Soziales Elend und Überfischung in Thunfisch-Dosen europäischer Supermärkte

Ein von der NGO Finnwatch Anfang Juni 2015 veröffentlichter Bericht zeigt die sozialen und ökologischen Missstände bei der Herstellung von Thunfisch auf, der bei uns in Dosen in Supermärkten verkauft wird. Unter anderem herrschen in thailändischen Fabriken, in denen Dosen-Thunfisch für heimische Supermarktketten verpackt wird, menschenunwürdige Arbeitsbedingungen. Der Bericht ist Teil des europaweiten Supply Cha!nge-Projekts von Südwind und GLOBAL 2000.

Menge des gefangenen Thunfisches seit 1950 verzwölffacht

Es ist bekannt, dass Thunfische eine der am meisten überfischten Fisch-Familien sind. Die Zahlen erschrecken jedoch trotzdem: Wurden 1950 weltweit an die 400.000 Tonnen Thunfisch gefangen, so waren es laut FAO (Food and Agriculture Organization of the United Nations) im Jahr 2012 schon fast fünf Millionen Tonnen – die Menge hat sich mehr als verzwölffacht (siehe Grafik zur Entwicklung).

Die meisten der neun als Thunfisch gehandelten Arten sind aufgrund von Überfischung schon stark dezimiert – einige, wie der Blauflossen-Thunfisch, sogar fast ausgestorben. „KonsumentInnen sollten daher – wenn sie nicht ganz auf Thunfisch verzichten möchten – beim Einkauf darauf achten, nur Thunfisch der Skipjack-Art zu kaufen, der mit Rute und Haken in bestimmten Gebieten gefangen wurde“, erklärt Martin Wildenberg, Projektleiter Supply Cha!nge bei der österreichischen Umweltschutzorganisation GLOBAL 2000. „Andere Fangmethoden als diese verursachen massenweise den unnötigen, qualvollen Tod anderer Meerestiere – wie Delfinen, Schildkröten, Meeresvögeln oder Haien.

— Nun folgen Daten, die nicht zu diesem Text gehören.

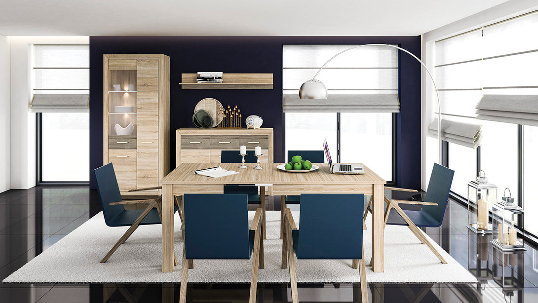 Das CASTEL Vitrinenset kombiniert elegantes Design mit durchdachter Funktionalität für stilvolle Wohnzimmer. Die beiden hohen Vitrinen in abgestuften Breiten bieten großzügigen Stauraum und präsentieren Ihre Lieblingsstücke auf ansprechende Weise hinter gehärtetem Glas. Der warme Holzton der Sonoma Truflowa Front ergänzt sich ideal mit dem helleren Korpus und verleiht Ihrem Wohnraum eine natürliche, moderne Note.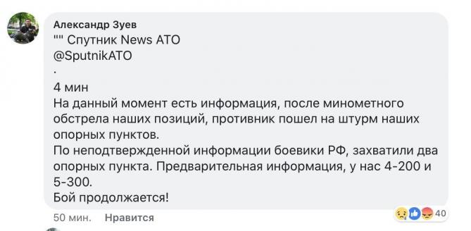 Бои идёт? По твитерам телега распространяют? Зайцево и тд.

Aber auch die Fangmethode mit Rute und Haken hat ihre Nachteile – es werden riesige Mengen an Köderfischen benötigt und die Fangmethode verbraucht im Vergleich mehr Treibstoff. "Delfin-freundliche" Labels sind hingegen meist Eigenkreationen der Industrie, werden nicht unabhängig kontrolliert und sagen oft nichts aus.“

Die derzeit für den Skipjack-Thunfisch noch unproblematischen Fanggebiete sind Western & Central Pacific - WCPO (FAO 61,71,77), Eastern Pacific - EPO (FAO 77,87,81) und Indian Ocean (FAO 51,57). „Steigt unsere Nachfrage nach Thunfisch weiter wie bisher“, so Wildenberg, „werden aber auch diese Fanggebiete bald erschöpft sein.“

Skipjack-Thunfisch mit Rute und Haken gefangen aus bestimmten Fanggebieten
Thunfische stehen außerdem am Ende der Nahrungskette. Dadurch reichern sich in ihnen im erhöhten Ausmaß Kadmium und Blei an. Das deutsche Umweltministerium empfahl Risikogruppen wie Schwangeren oder Stillenden daher erst im März 2015, den Thunfisch-Genuss zu vermeiden. Die Skipjack-Thunfischart ist jedoch in der Regel weniger belastet als größere Arten, die oft als Steak oder Sushi auf unseren Tellern landen. „Unsere Meere stehen unter massivem Druck – einerseits durch Überfischung, anderseits durch Verschmutzung aus unserer industriellen Produktion. Über die Nahrungskette vergiften wir uns schlussendlich selbst“, so Wildenberg.

ArbeiterInnen zahlen hunderte Euros, damit sie in Thunfisch-Fabriken arbeiten dürfen
Weiters wurden thailändische Thunfisch-Fabriken auf soziale Missstände untersucht. Häufig müssen ArbeiterInnen, die vor allem aus Myanmar einwandern, Rekrutierungsgebühren über hunderte Euros zahlen, um in den thailändischen Thunfisch-Fabriken arbeiten zu dürfen. „Die Anliegen der Wanderarbeiterinnen und -arbeiter werden kaum gehört. Die Beschwerdemechanismen und so genannte 'Arbeitskomitees' funktionieren nicht. Die Arbeitnehmerschaft kann mit den Vorgesetzten nicht über ihre Arbeitsbedingungen verhandeln“, sagt Stefan Grasgruber-Kerl, Projektleiter Supply Cha!nge bei Südwind.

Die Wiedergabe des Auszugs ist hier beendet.